Если нам удавалось продержаться незамеченными целый час, можно было проскользнуть на открытую палубу, где уже был подан завтрак-буфет, навалить еды на тарелку и дать деру с серебряной вазочкой сгущенного молока, такого густого, что ложка стояла стоймя посредине. После этого мы забирались в свое укрытие, в одну из подвешенных шлюпок, поглощали неправедно добытую еду, а потом Кассий доставал сигарету «Голд лиф», которую где — то спроворил, и учил нас курить.
Рамадин вежливо отказывался — у него была бронхиальная астма, что давно уже стало очевидным и нам, и остальным обитателям «кошкиного стола». (Не менее очевидно это было и через несколько лет, когда мы снова увиделись в Лондоне. Тогда нам было по тринадцать-четырнадцать, мы было потеряли друг друга из виду — годы эти ушли на то, чтобы попривыкнуть к новой стране. Наконец я увидел его снова, с родителями и с сестрой Массумех, — так вот, он и тогда подхватывал все окрестные бронхиты и простуды. В Англии мы возобновили было дружбу, только за протекшее время мы успели перемениться, земные условности перестали быть для нас пустым словом. Как-то вышло, что теперь я больше сблизился с его сестрой — Масси всегда сопровождала нас на прогулки по Южному Лондону, на велотрек Херн-Хилл, в брикстонский «Рокси», а потом на местную барахолку; мы, точно внезапно опьянев, носились между лотками с едой и одеждой. А бывало, мы с Масси сидели на диванчике в доме ее родителей на Милл-Хилл, и ладони наши под прикрытием пледа подползали одна к другой, ложились внахлест — а сами мы делали вид, что смотрим по телевизору бесконечные репортажи о гольфе. Однажды ранним утром она пробралась в комнату наверху, где спали мы с Рамадином, и села рядом, прижав палец к губам и призывая к молчанию. Рамадин спал в своей кровати. Я попытался было сесть, но она толкнула меня раскрытой ладонью, а потом расстегнула пижамную кофточку и открыла мне недавно сформировавшуюся грудь, расчерченную зеленоватыми тенями росших снаружи деревьев. И вот после этого я услышал покашливание Рамадина, легкий хрип, с которым он во сне прочищал горло, а Масси — полуобнаженная, устрашенная, бесстрашная, смотрела на меня с теми чувствами, с какими совершаешь такие вот поступки в тринадцать-четырнадцать лет.
Мы бросали тарелки, ножи и ложки, оставшиеся от нашей краденой трапезы, в шлюпке и пробирались обратно на свою палубу. В конце концов, во время учебной тревоги, стюард все-таки обнаружил следы наших многочисленных завтраков — в тот день шлюпки спустили на воду, а капитан потом некоторое время искал на борту безбилетного пассажира.
Когда мы пересекали границу между первым и туристическим классом, на часах еще не было и восьми.
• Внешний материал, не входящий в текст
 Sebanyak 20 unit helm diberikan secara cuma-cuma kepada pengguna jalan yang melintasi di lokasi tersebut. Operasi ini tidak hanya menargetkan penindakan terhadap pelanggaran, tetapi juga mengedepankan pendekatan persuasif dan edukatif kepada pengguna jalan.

Мы делали вид, что покачиваемся в такт качанию судна. Я к тому времени уже полюбил этот медленный валкий вальс. А то, что я здесь один, если не считать Флавии Принс и Эмили — так и те где-то далеко, — само по себе было приключением. Мне не надо было держать ответ перед родными. Я мог пойти куда хочу, делать что хочу. А еще мы втроем уже выработали одно правило. Каждый день полагалось совершить хоть что-нибудь запрещенное. А тут день едва занялся, и на то, чтобы это исполнить, у нас еще было очень много времени.
Когда родители мои разошлись, произошло это без шума, без выяснения отношений, однако и тайны из этого не делали. Представили это скорее как недоразумение, не как катастрофу. Так что мне трудно сказать, до какой степени проклятие этого развода пало на мою голову. Не припомню, чтобы оно на меня давило. Утром мальчик выходит за порог и проводит весь день в круговерти своего едва нанесенного на карту мира. Впрочем, юность моя была полна опасностей.
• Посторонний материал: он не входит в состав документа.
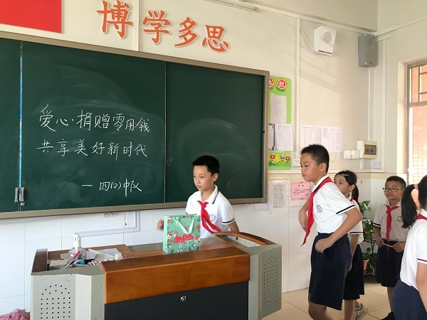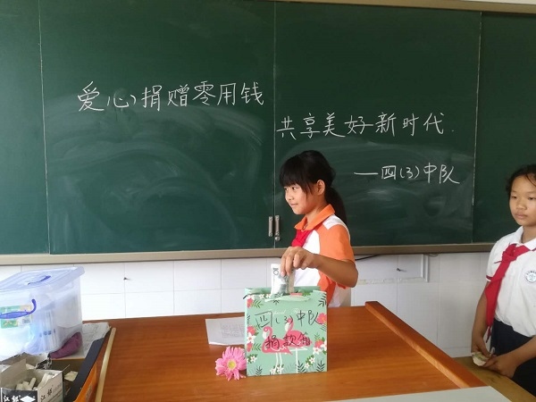 捐款活动以中队为单位,在各自的教室进行。每个班的黑板上都写着醒目的“爱心捐赠零用钱,共享美好新时代”几个大字。队员们在中队辅导员的带领下井然有序排好队面带微笑地走上讲台,手中高举着自己的零花钱,郑重其事地投向捐款箱,一元、五元、十元…… 爱心在一间间教室传递,不一会,捐款活动圆满结束!

В первые свои годы в пансионе при колледже Святого Фомы в Маунт-Лавинии я очень любил плавать. Мне нравилось все связанное с водой. На школьной территории имелся бетонный желоб, по которому во время муссонов стекала вода. Там возникла игра, в которую играли некоторые пансионеры. Мы прыгали в воду, и нас уносило течение — кружа, переворачивая с боку на бок. В пятидесяти метрах дальше имелась веревка — мы хватались за нее и вылезали на сушу. А еще в двадцати метрах желоб соединялся со сточной трубой, которая уводила под землю, в бездонную тьму. Куда именно, мы так и не узнали.